Task requirements:
Using the listing below, print exactly everything from the line with "Alamailmaan Vasarat (Finlandia)" down to the line with "B były punkty", both included, and nothing more.

Data for review:

◆ ◆ ◆ ◆ ◆ ◆ ◆

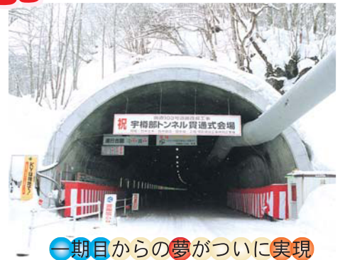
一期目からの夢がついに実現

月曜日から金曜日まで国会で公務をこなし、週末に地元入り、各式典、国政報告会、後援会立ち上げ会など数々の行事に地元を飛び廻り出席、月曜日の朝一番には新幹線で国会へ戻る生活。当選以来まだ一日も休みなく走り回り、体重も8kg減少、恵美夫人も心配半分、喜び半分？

◆ ◆ ◆ ◆ ◆ ◆ ◆

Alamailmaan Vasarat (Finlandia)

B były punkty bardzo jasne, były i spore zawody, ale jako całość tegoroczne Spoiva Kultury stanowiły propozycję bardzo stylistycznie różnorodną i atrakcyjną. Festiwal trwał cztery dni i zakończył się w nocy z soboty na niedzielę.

◆ ◆ ◆ ◆ ◆ ◆ ◆

Output for this exercise:
Alamailmaan Vasarat (Finlandia)

B były punkty bardzo jasne, były i spore zawody, ale jako całość tegoroczne Spoiva Kultury stanowiły propozycję bardzo stylistycznie różnorodną i atrakcyjną. Festiwal trwał cztery dni i zakończył się w nocy z soboty na niedzielę.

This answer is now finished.